The power of this transformation lies in its ability to operationalize subjective expertise. Instead of relying on an individual's experience, which is inherently limited and prone to inconsistency, you create a system that embodies that experience. This system can then be applied to any piece of work within its domain, providing objective, data-driven feedback.
Consider the example of reviewing sales proposals. A human reviewer might miss a subtle inconsistency in pricing or a tone that doesn't align with the company's brand voice. An AI editor, trained on the specific criteria for "good" sales proposals, can meticulously check each element, assign a score, and even suggest improvements. The immediate benefit is a faster, more thorough review. The more significant, long-term advantage is the creation of a "moat" of quality and consistency. Competitors who rely on ad-hoc, instinctual reviews will inevitably produce work with wider variance in quality.
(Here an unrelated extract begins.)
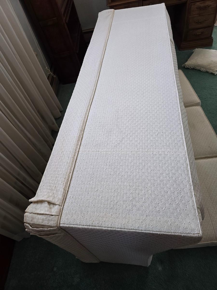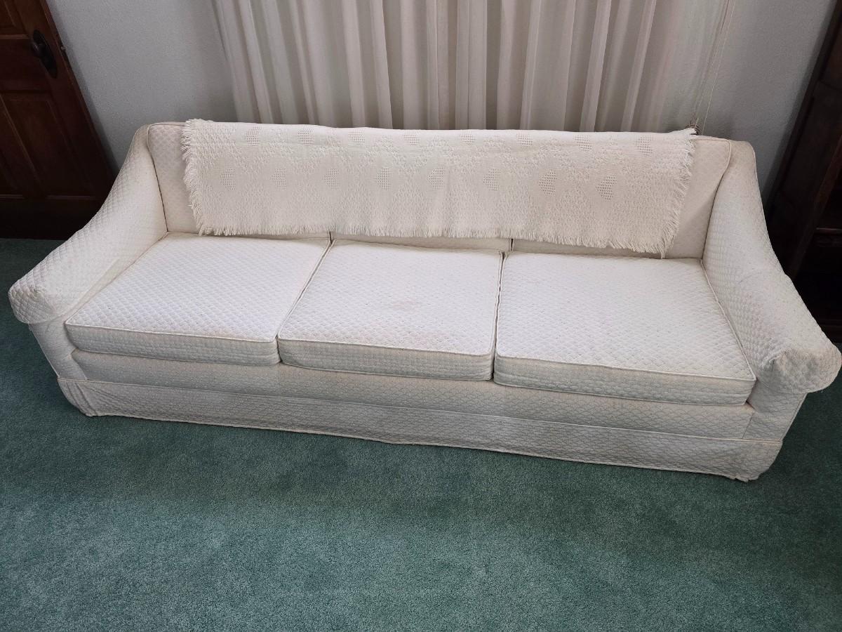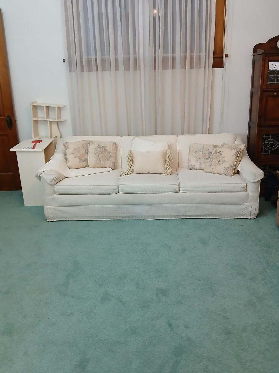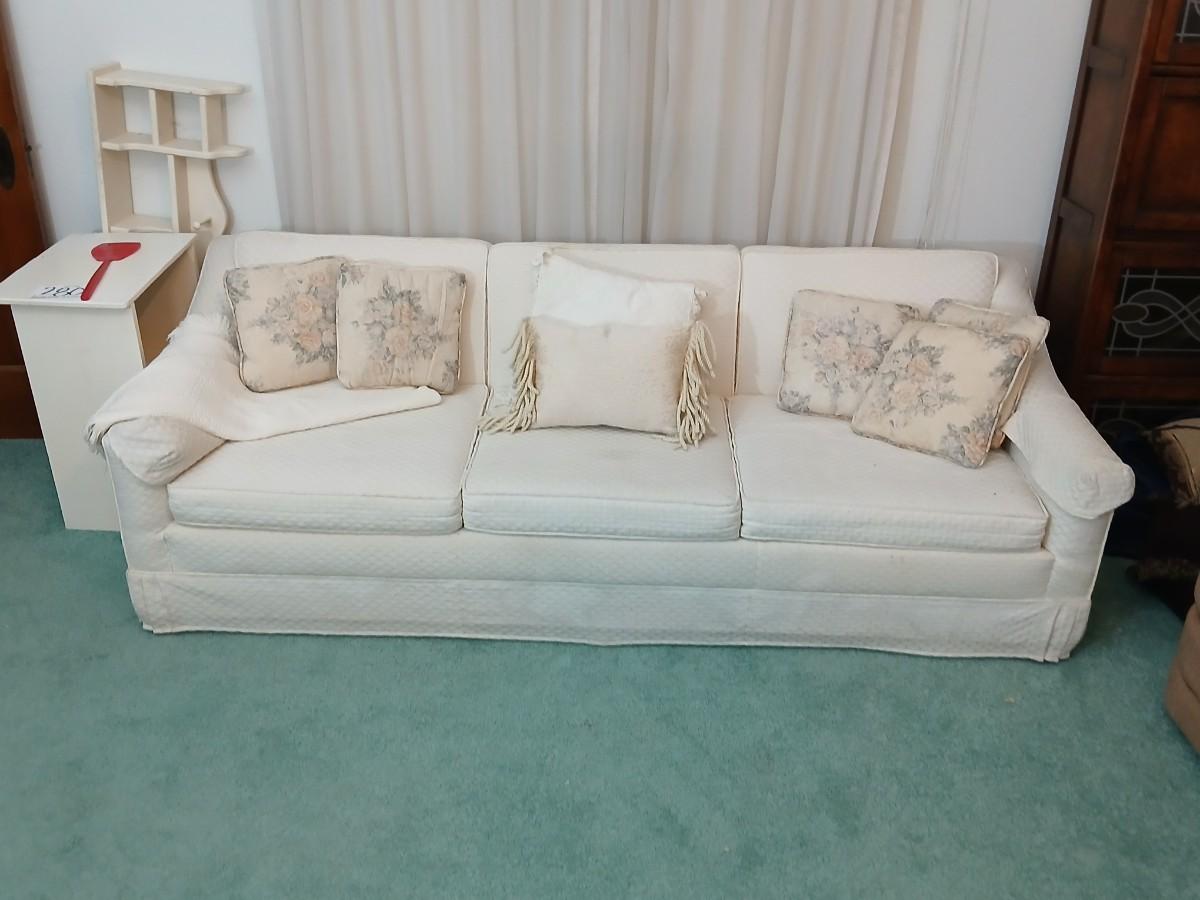 Needs a light cleaning, but in excellent condition otherwise. Approx. 26" back 15" seat x 82" x 36" comes with throw pillows and a throw blanket

Your team, armed with a consistent AI reviewer, can deliver a more predictable and often higher standard of output.
"The goal here is to define the elements and the range by which what bad and good looks like."
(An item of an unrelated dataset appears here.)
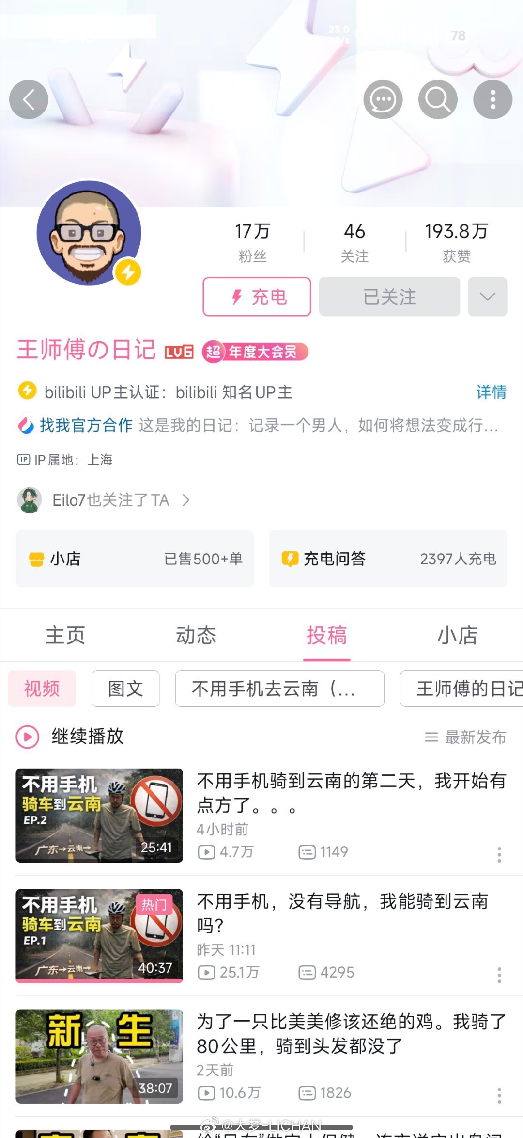 而且王师傅从炉石主播干到美食博主再干到现在的日记博主,我是一直在关注,我感觉整个行业里面也很难找到他这样的人,其它的不谈,他这个人确实内驱力很强,学习力也很强。
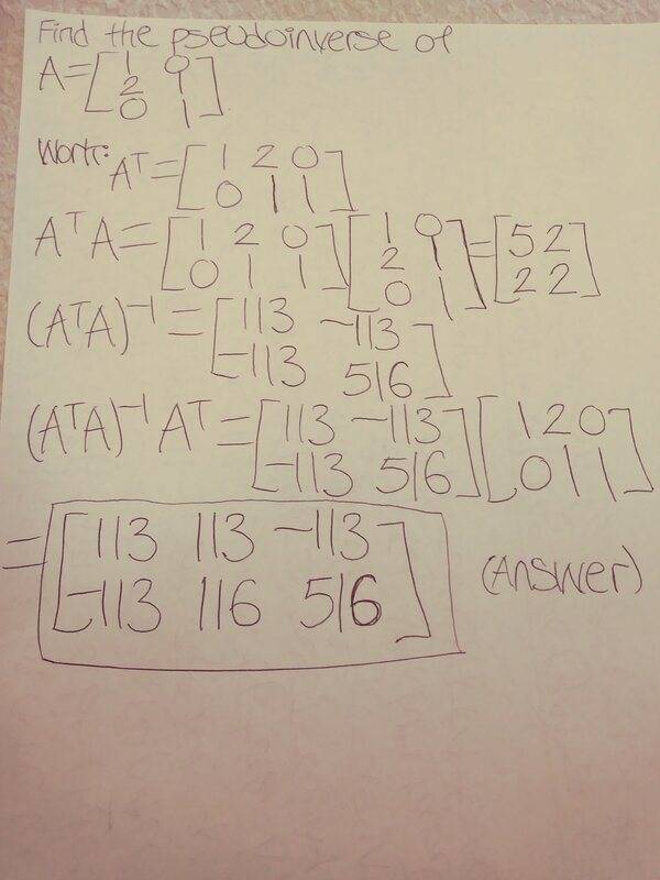 The discussion revolves around the computation of the pseudoinverse of a matrix, specifically focusing on linear algebra techniques and verification methods for matrix operations.

This statement underscores the analytical rigor required. It’s not enough to say "make it good." You must define "good" and "bad" with enough specificity that an AI can parse it. This requires effort and a willingness to confront the often-unarticulated standards that govern your work. The immediate discomfort of this deep dive into your own processes pays off by creating a durable asset. This asset allows for more efficient scaling of quality assurance, making your team or your personal output more reliable and, by extension, more competitive. It’s about transforming personal intuition into a systemic advantage.
Key Action Items
- Immediate Action (Within the next week):
- Identify one recurring task or document type you review or produce.
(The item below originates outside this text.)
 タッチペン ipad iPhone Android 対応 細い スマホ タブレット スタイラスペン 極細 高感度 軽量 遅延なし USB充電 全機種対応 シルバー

- Begin articulating the specific criteria you use, even if they feel intuitive. Jot down categories and what "good" looks like for each.
- Engage ChatGPT or Claude using Weston's four-part framework to initiate the creation of a review editor for this task.
- Short-Term Investment (Over the next month):
- Refine the AI's output by asking clarifying questions and providing examples of good and bad work.
- Save the final structured prompt or instructions. Test its effectiveness on a few pieces of work.
- If using ChatGPT, explore creating a custom GPT. If using Claude, investigate creating a "skill."
- Mid-Term Investment (Over the next 3-6 months):
- Implement the AI-driven review editor for regular use on your chosen task.
- Track the impact on consistency, speed, and perceived quality of your output or feedback.
- Consider expanding the framework to a second recurring task or document type.
- Long-Term Investment (6-18 months):
- Develop a library of AI-powered review editors for multiple critical functions within your work or team.
- Train colleagues on how to use these tools, fostering a culture of objective, AI-assisted evaluation.
- Monitor and periodically update the review editors as your standards or the nature of the work evolves, ensuring your "moat of objectivity" remains robust.